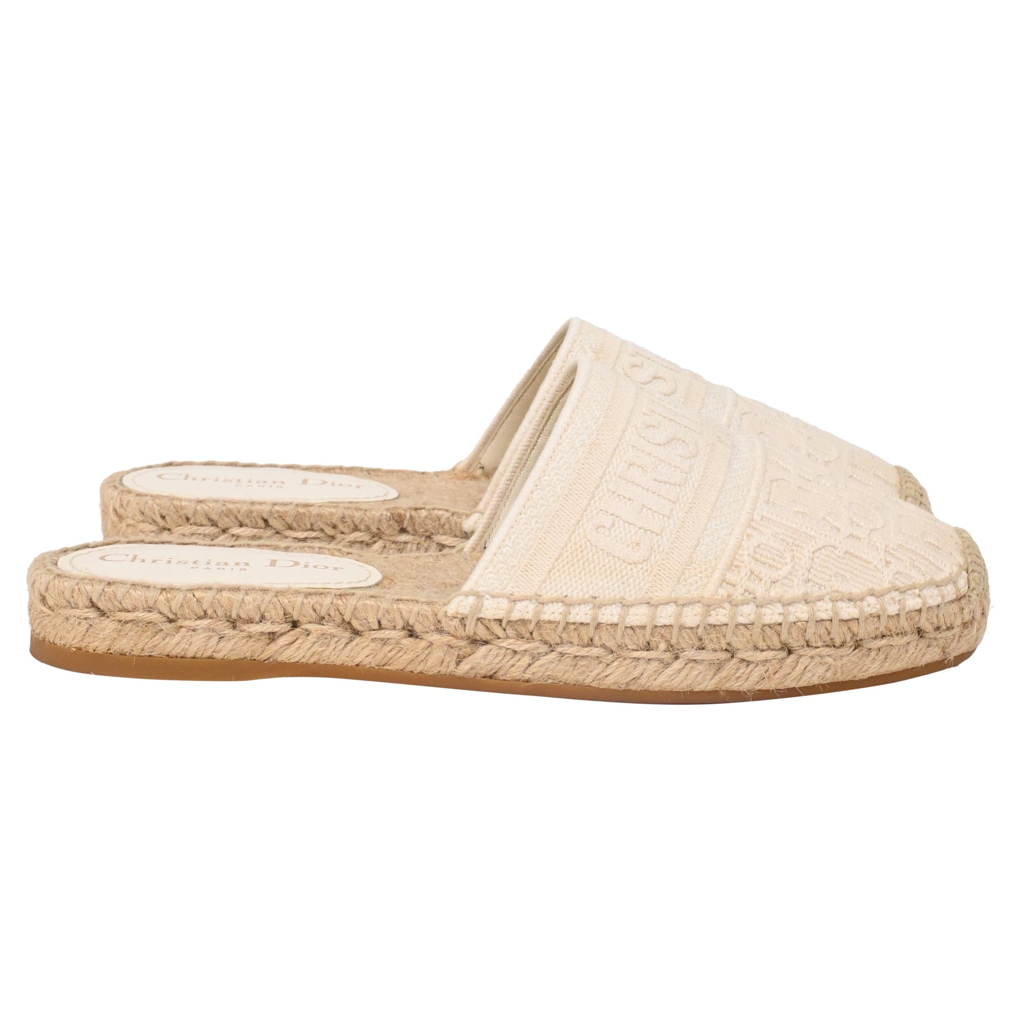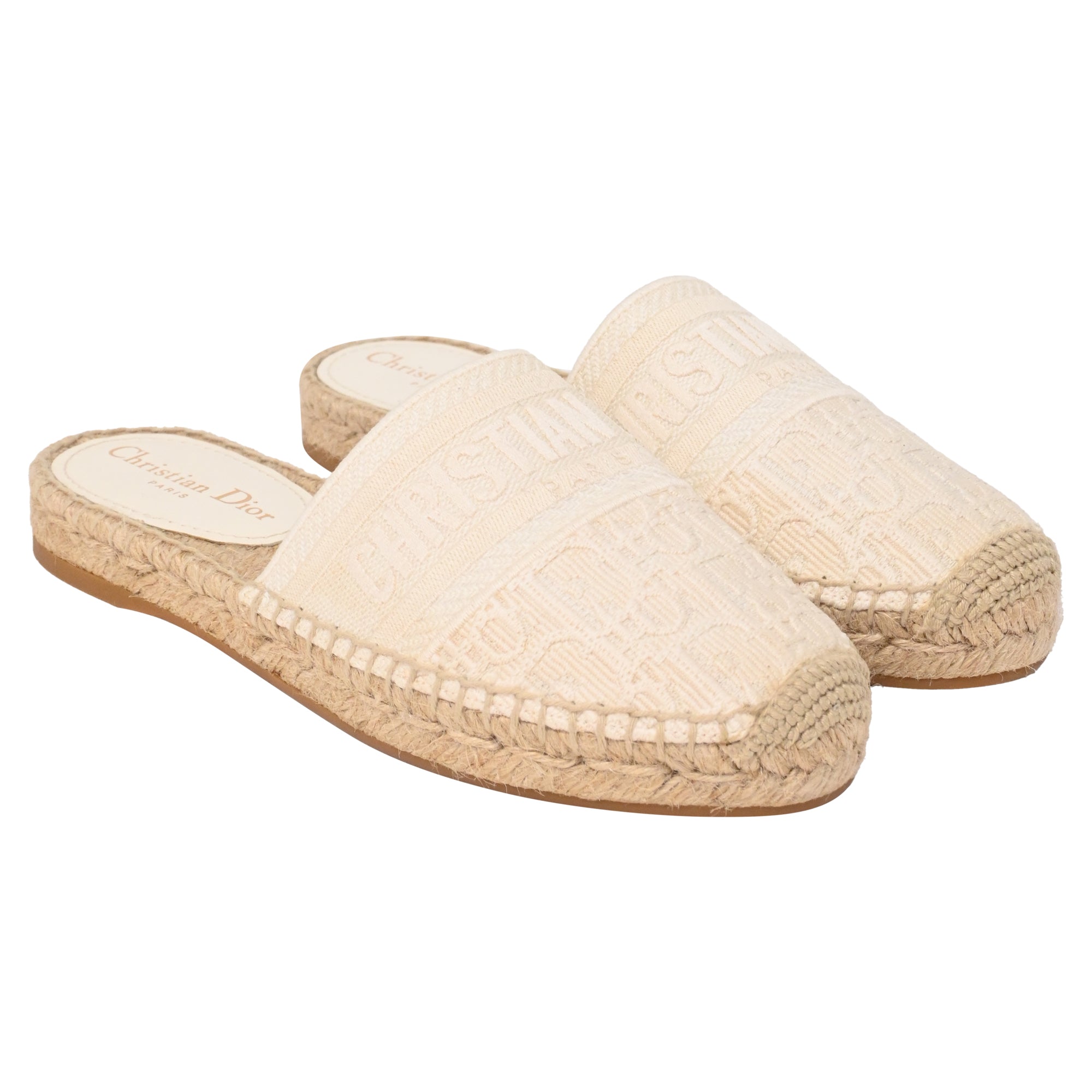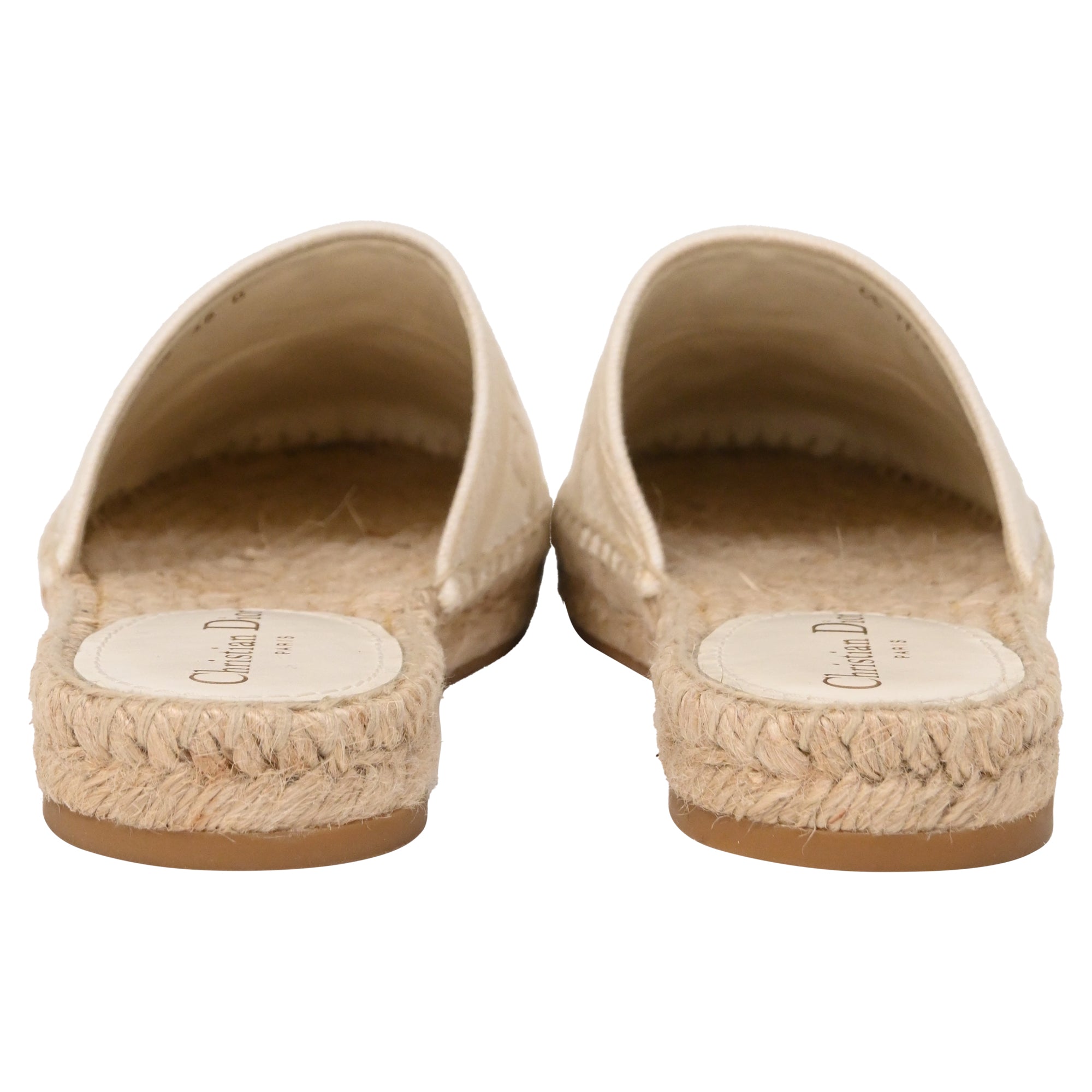 Dior Granville Embroidered Flat Espadrille Mules in White Cotton
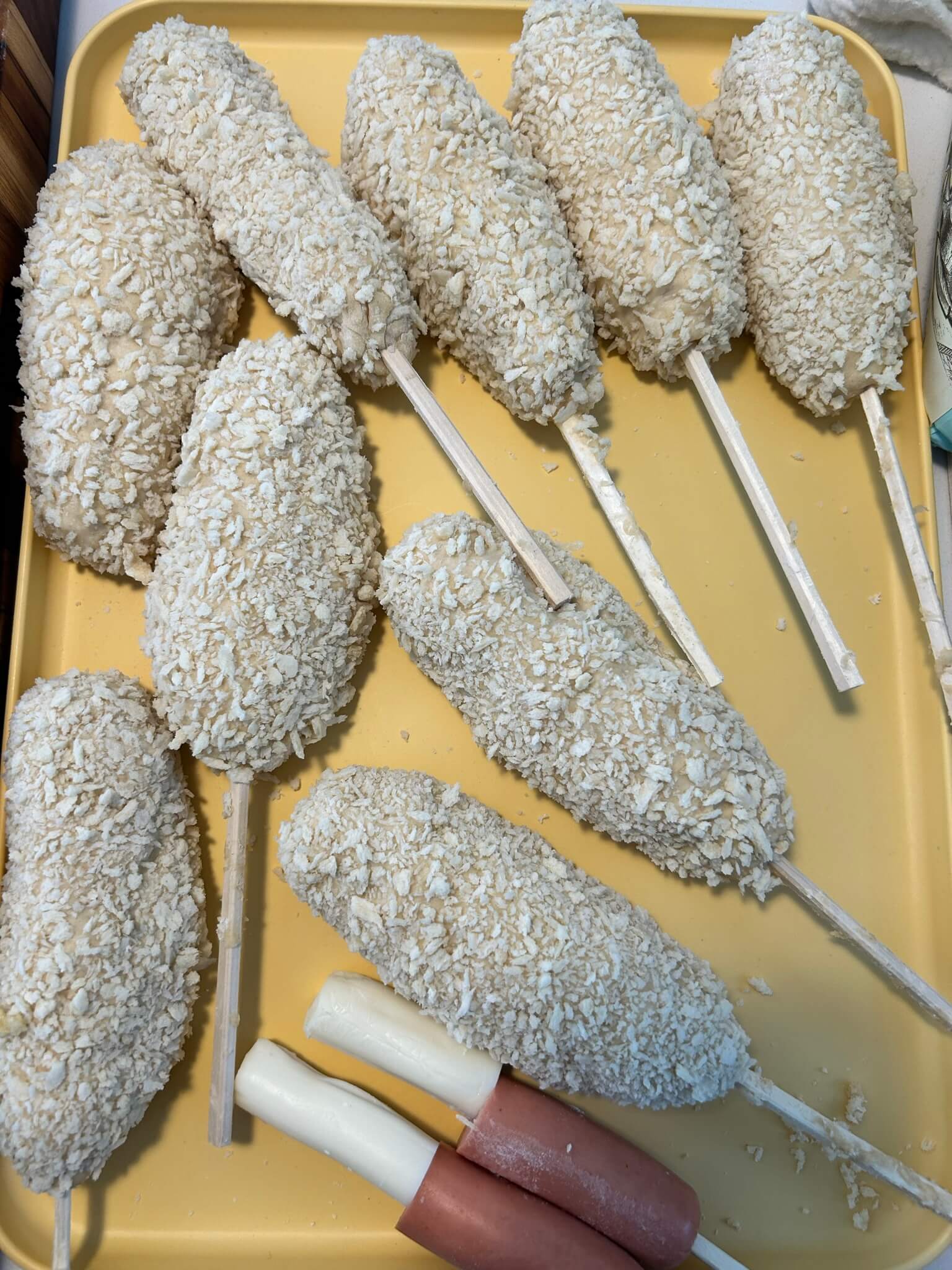 9. 준비된 꼬치에 반죽을 먼저 발라주어 모양을 잡아준 뒤, 빵가루를 발라줍니다.
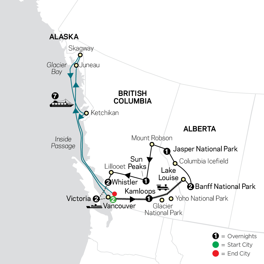 Experience unmatched natural beauty on this affordable Canadian vacation and Alaskan Cruise. Arrive in the exciting city of Vancouver for two nights and enjoy guided sightseeing that includes the harbourfront, Stanley Park, and other famous landmarks. Then board the Rocky Mountaineer Train for a 2-day trip and retrace the route of the great 19th century explorers. Travel through spectacular scenery following the Fraser River through canyons and overnight in Kamloops. Continue on through the Selkirk Mountains and enter Yoho National Park with its towering peaks. Wind through the Spiral Tunnels, an engineering marvel, before your train climbs Kicking Horse Pass then crosses the Continental Divide and enters Alberta and Banff National Park. Spend two nights in Banff with time to hike, stroll through the townsite, or relax at the hot springs. Perhaps treat yourself to an optional helicopter ride for breathtaking views of the Canadian Rockies from above. Visit gorgeous Lake Louise, its turquoise waters perfectly reflecting the surrounding mountains and glaciers. Then travel the stunning Icefields Parkway and take a ride on the Ice Explorer all-terrain vehicle over ice that’s 750-feet-thick! Arrive in magnificent Jasper National Park with the chance to take an optional scenic float trip down the Athabasca River. Journey to the base of 12,972-foot Mount Robson, the highest peak in the Canadian Rockies, on your way to your overnight in the resort town of Sun Peaks. Continue to Whistler where you’ll spend two nights and have time to enjoy the many activities this legendary resort village has to offer. Cross via ferry to Victoria for sightseeing and a visit to world famous Butchart Gardens with its 55 acres of floral displays. Enjoy a day at leisure to explore Victoria before returning to Vancouver where your adventure continues with a 7-night cruise through the Inside Passage to Alaskan ports of call. Follow the coast through spectacular waterways to watch for orcas, whales, otters, and eagles. Dock in Juneau on the Gastineau Channel and visit the Alaskan capital’s rustic shops in town. Next port is Skagway, with its history of tough prospectors who passed through on their way to find Gold in the Yukon. Cruise on to Glacier Bay, which has more actively calving tidewater glaciers than anywhere in the world. Your last port of call is the picturesque town of Ketchikan, known as the “Salmon Capital of the World.” More scenic cruising takes you back to Vancouver where your journey may end but the memories you’ve made on this Canada and Alaska adventure will last a lifetime!

### Exercise description
Pictures stay out; output the lines from the top of the listing above through the line containing "9. 준비된 꼬치에 반죽을", exactly as they stand.

### Result
 Dior Granville Embroidered Flat Espadrille Mules in White Cotton
 9. 준비된 꼬치에 반죽을 먼저 발라주어 모양을 잡아준 뒤, 빵가루를 발라줍니다.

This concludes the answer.